Government giving mixed signals on reform intentions as creditors push for action

As technical teams resume their fact-finding efforts in Athens, eurozone finance ministry officials are on Wednesday to discuss Greek proposals for reforms amid mixed signals from the government about what measures are actually on the table of talks.

The Euro Working Group discussion, which is to continue Thursday, is to assess how much progress has been made in negotiations based on a revised set of reforms that Greece sent to its creditors last week. The aim is to prepare for the next scheduled Eurogroup summit in Riga, Latvia, on April 24. If some points of convergence are achieved, there could be potential for an initial agreement that could lead to the release of at least a portion of a pending 7.2-billion-euro loan tranche.

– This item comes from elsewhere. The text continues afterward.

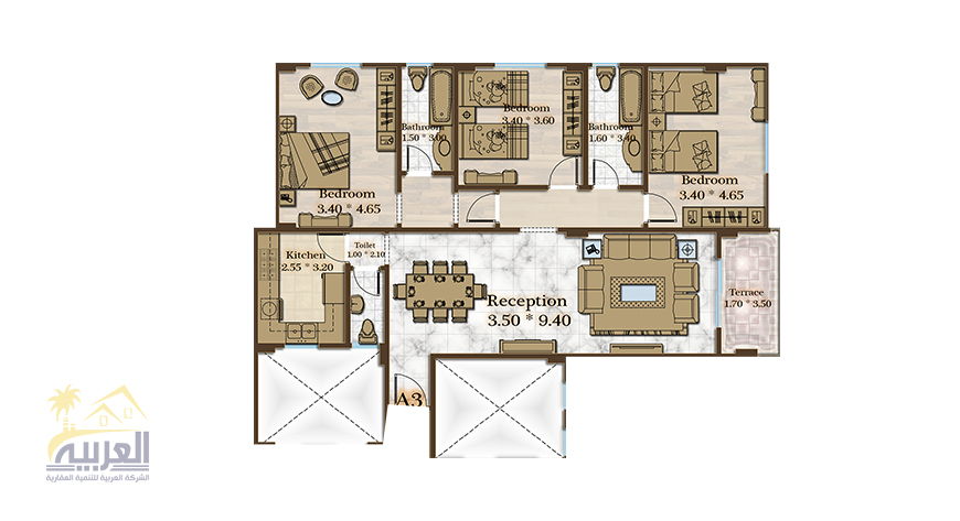 عدد الغرف 3

A significant distance remains to be covered before then though and the so-called Brussels Group, comprising representatives of the Greek government and the country’s creditors, are not expected to reconvene until after Greek Orthodox Easter.

Prime Minister Alexis Tsipras claimed Tuesday that negotiations between Greece and its creditors are “developing and maturing.” But statements by many of Tsipras’s ministers, and legislative initiatives, appear less than conciliatory. Labor Minister Panos Skourletis on Tuesday again broached the issue of a possible delay to a payment to the International Monetary Fund, which comes due Thursday, even after Finance Minister Yanis Varoufakis assured IMF chief Christine Lagarde that Athens will make the payment on time.

Another initiative certain to rile creditors is the submission of draft legislation foreseeing the rehiring of hundreds of sacked workers of the former state broadcaster ERT.

Shifting positions on possible reforms are also a red flag. Government spokesman Gavriil Sakellaridis on Tuesday ruled out the possibility of increasing value-added tax rates on certain Aegean islands, just a day after he said such VAT hikes were being negotiated.

European officials indicated Tuesday that the ball is in Greece’s court. “It’s up to Greece to make a move,” a European Commission official said.